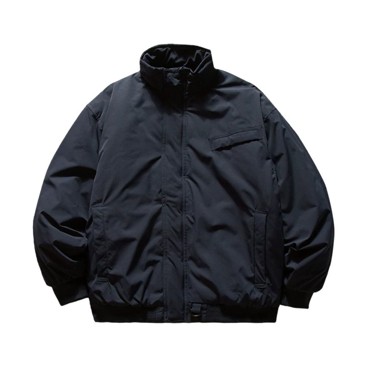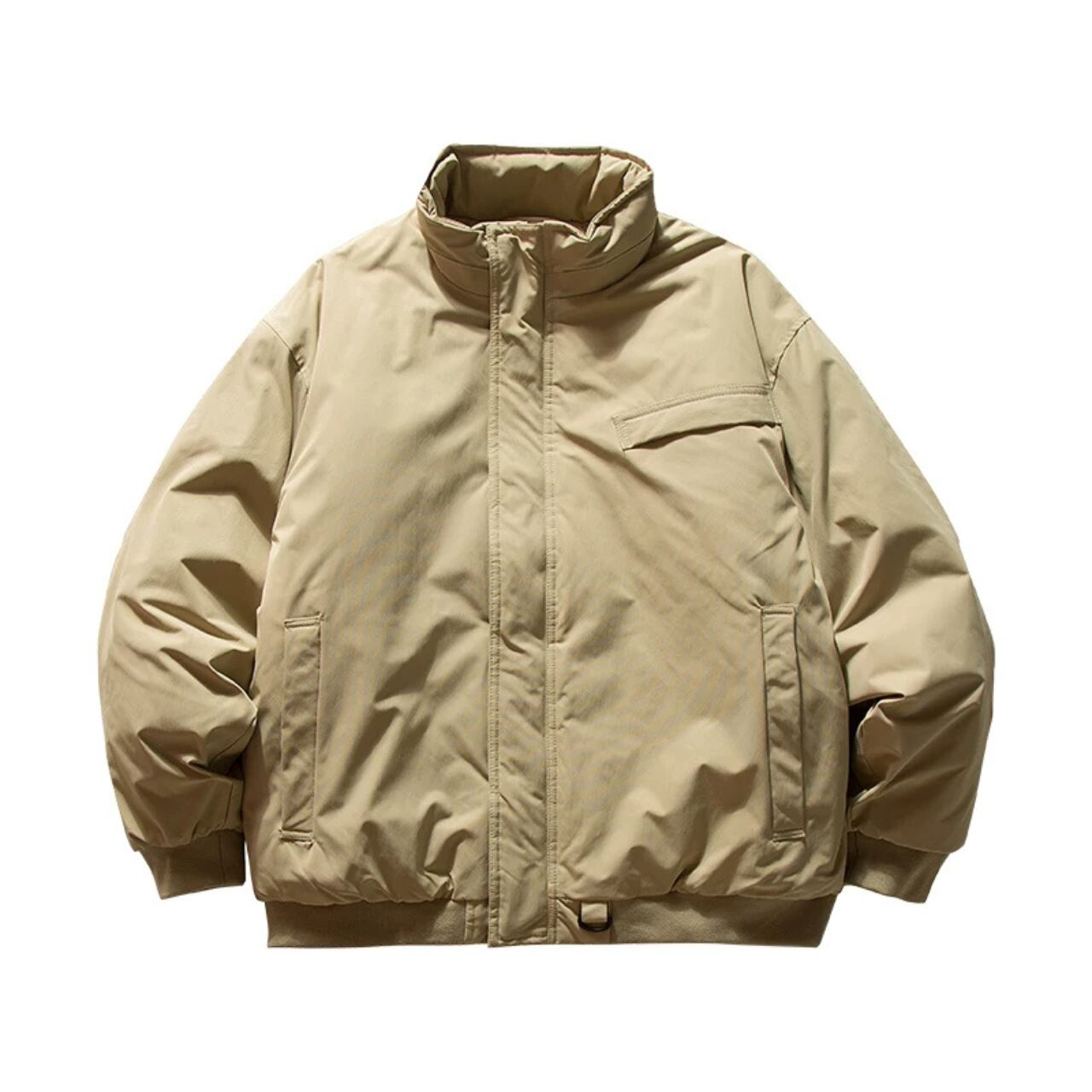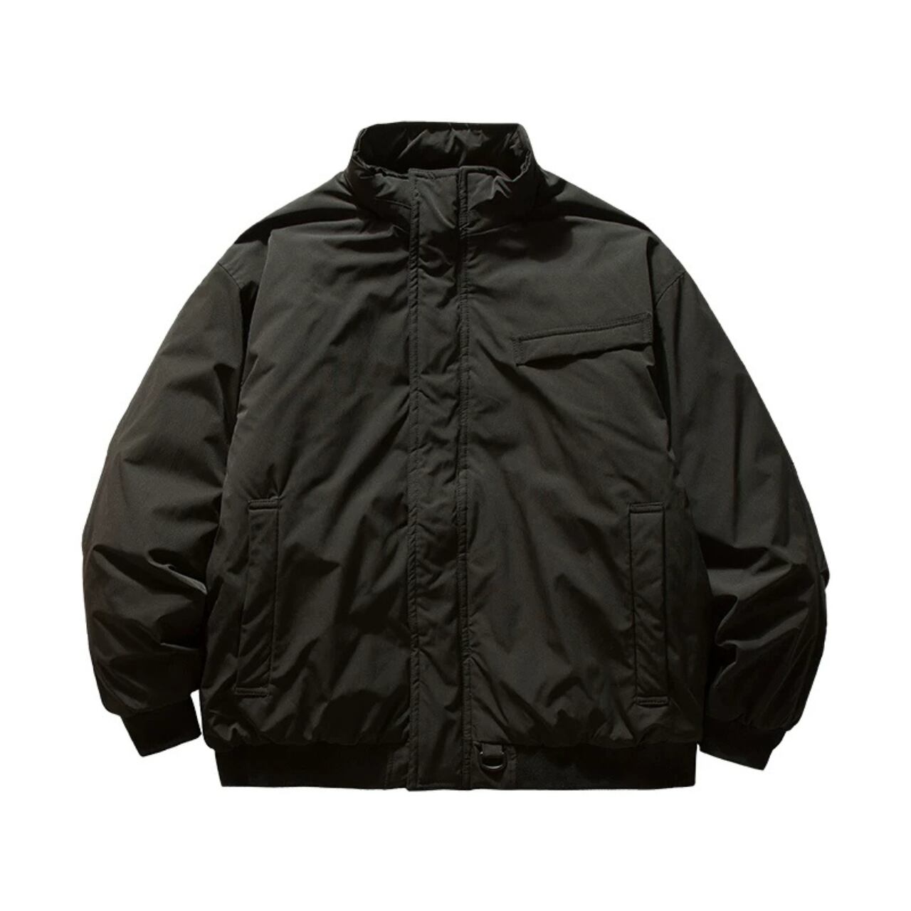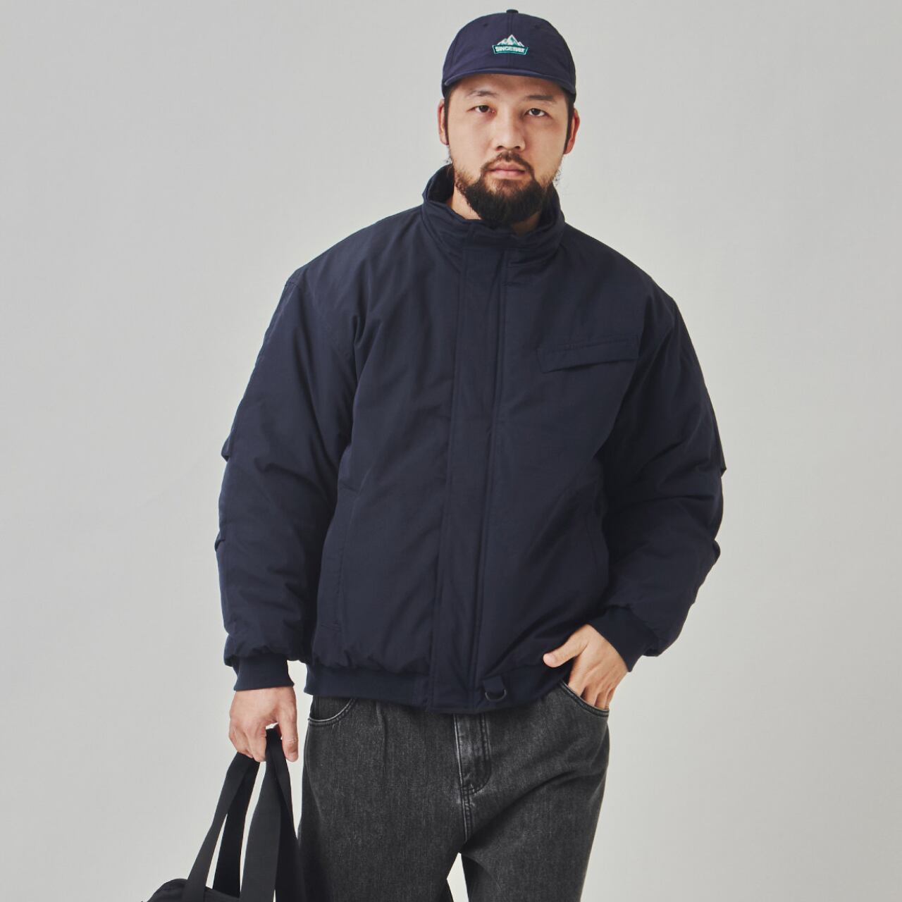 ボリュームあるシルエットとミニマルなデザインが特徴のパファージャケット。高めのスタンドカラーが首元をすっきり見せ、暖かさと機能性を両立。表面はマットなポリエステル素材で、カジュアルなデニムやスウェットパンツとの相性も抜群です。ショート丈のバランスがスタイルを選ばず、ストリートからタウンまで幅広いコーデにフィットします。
==
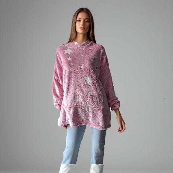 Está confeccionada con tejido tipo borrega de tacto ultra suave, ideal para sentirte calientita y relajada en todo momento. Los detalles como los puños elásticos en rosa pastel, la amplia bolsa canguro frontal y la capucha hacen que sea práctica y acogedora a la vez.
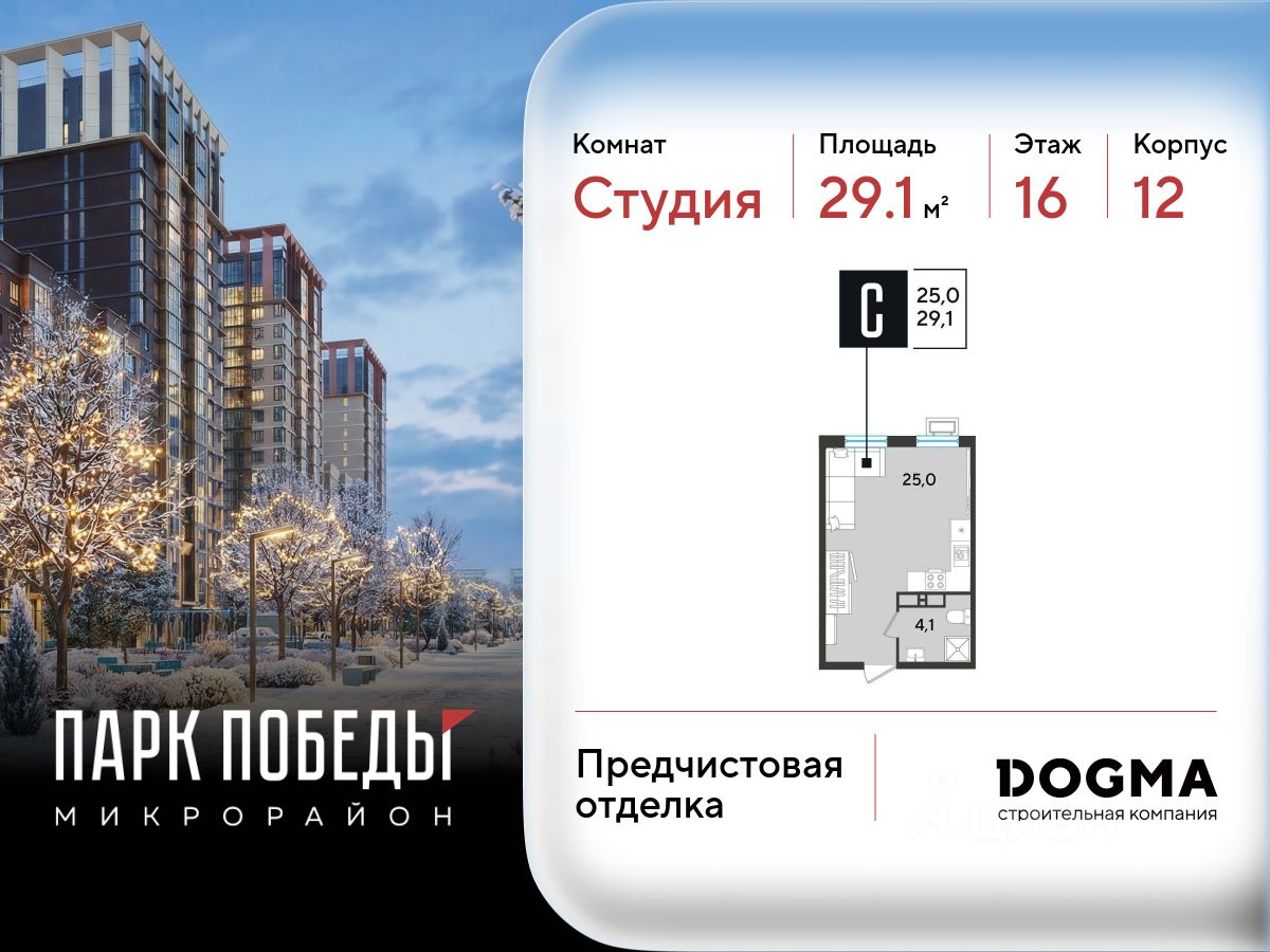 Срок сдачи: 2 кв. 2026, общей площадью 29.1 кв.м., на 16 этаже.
* * *
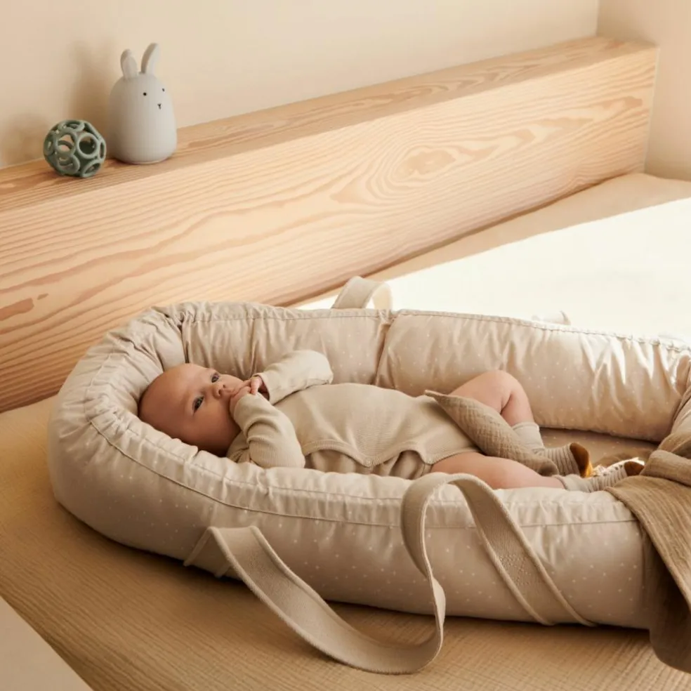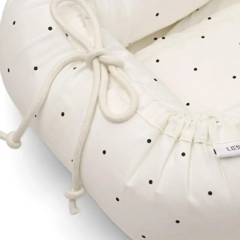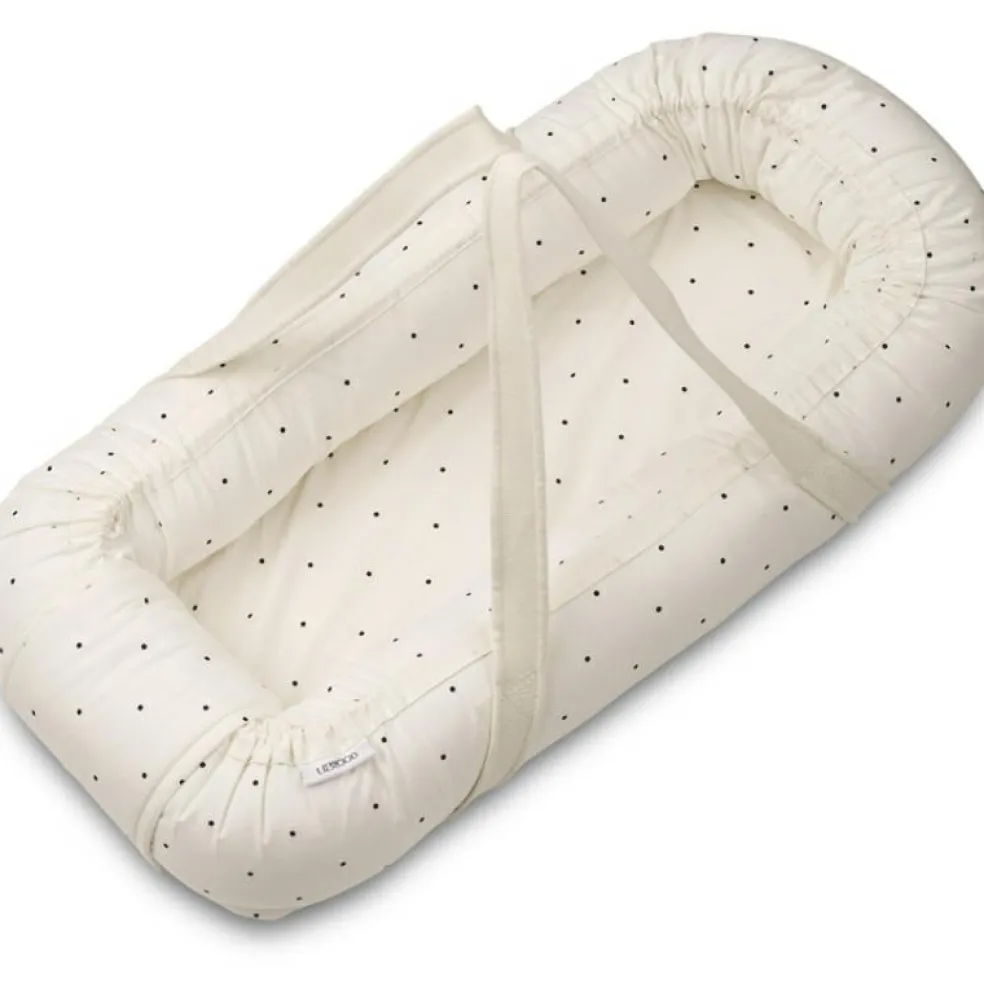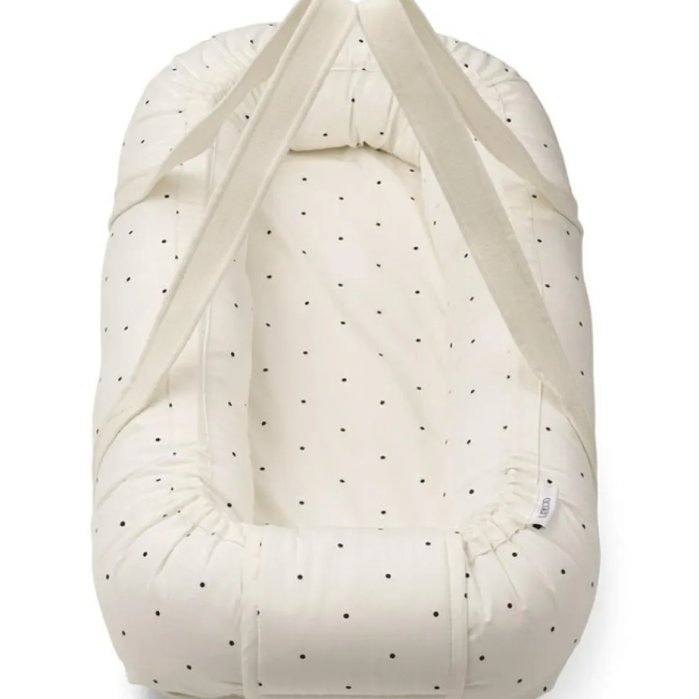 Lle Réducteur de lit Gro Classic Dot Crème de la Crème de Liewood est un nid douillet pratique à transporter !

— EXERCISE —
Within the material above, only the stretch from the line holding "Está confeccionada con" through the line holding "Срок сдачи: 2" is to be restated exactly. Pictures are dropped.

— RESPONSE AREA —
 Está confeccionada con tejido tipo borrega de tacto ultra suave, ideal para sentirte calientita y relajada en todo momento. Los detalles como los puños elásticos en rosa pastel, la amplia bolsa canguro frontal y la capucha hacen que sea práctica y acogedora a la vez.
 Срок сдачи: 2 кв. 2026, общей площадью 29.1 кв.м., на 16 этаже.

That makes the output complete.